Chi conosce il prigioniero? Il condannato? Sofferenze privilegiate e sofferenze dimenticate. Il giudice quando l’ha giudicato ha finito il suo compito e l’affida al potere penale. L’ avvocato dirà l’ultima parola di conforto: soffrirà se avrà creduto alla sua innocenza – l’intimo affanno durerà qualche giorno – poi: altre cause, altri affari, così è la vita. Il cancello della prigione si chiude: la barriera è alzata, impenetrabile, sicura (Società puoi stare tranquilla) nonostante la parola di Cristo: «Ero prigioniero e non m’hai visitato» (Mt 25,43). Un prigioniero – un’esperienza lontana. Vorrei essere stato in prigione – aver provato la condanna degli uomini – la solitudine senza innocenza ecc. Invece, avete davanti «un galantuomo». Che strano suono mi dà questa parola in questo momento! Lo stupore di essere libero, di potermene tornare stanotte alla mia parrocchia, di aver le mani senza manette…

Cos’ho fatto di meglio di quelli che sono dentro? Voi pensate: ora fa della retorica. Vi dico di no, signori, mi vergognerei di fare la commedia. Il pubblicano che in fondo al tempio si batte il petto non fa della retorica. Si conosce e si dichiara (Lc 18,13). Io mi conosco e mi dichiaro con stupore: perché non sono anch’io dentro? È quindi dall’interiore della mia dignità di giudicato, di galeotto che vi parlo. Prendo il mio posto vero. (S. Vincenzo si sostituisce a un galeotto vero). Vi parlo dal di dentro: sono anch’io un prigioniero, un condannato. Il prigioniero? Chi è? Non lo domando al codice, non lo chiedo ai giudici, non lo domando all’opinione dei benpensanti. Sono opinioni che non mi interessano. Lo domando al Vangelo: «Ero prigioniero…». (...) Non disse: ero ricco, ero galantuomo, ero felice… Un Cristo che ha fame, sete, ignudo, malato, pellegrino è meno «infamante» di un Cristo «prigioniero». Anche un Cristo «crocifisso». Anche morire è meno «infamante». [...]

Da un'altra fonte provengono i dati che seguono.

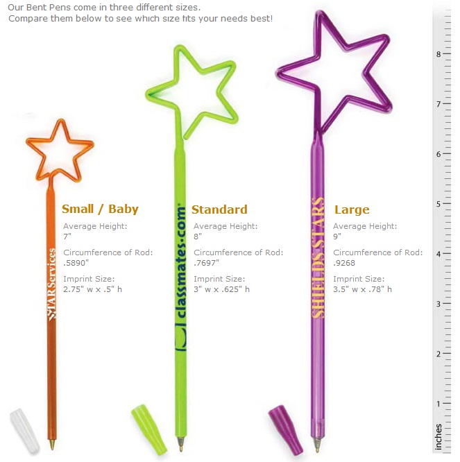 We have pencils and pens that can be bent / molded / shaped into hundreds of different shapes and designs. See our bent pen and pencils page to see all available shapes. Additional charges may apply for color changing, recycled, multi-color and foil colors.

Tant’è vero che nel ricordare la Passione, si parla quasi mai del Prigioniero, non si mette in evidenza la sua qualità di «vinctus», ammanettato. Il «Divino prigioniero» prima di essere un complimento dei nostri libri devozionali, è una realtà, fissa. Finché ci sarà un prigioniero avremo una Presenza del Cristo. La prigione è una Chiesa, una Presenza, un Tabernacolo, dove ognuno può incontrare, vedere il Cristo.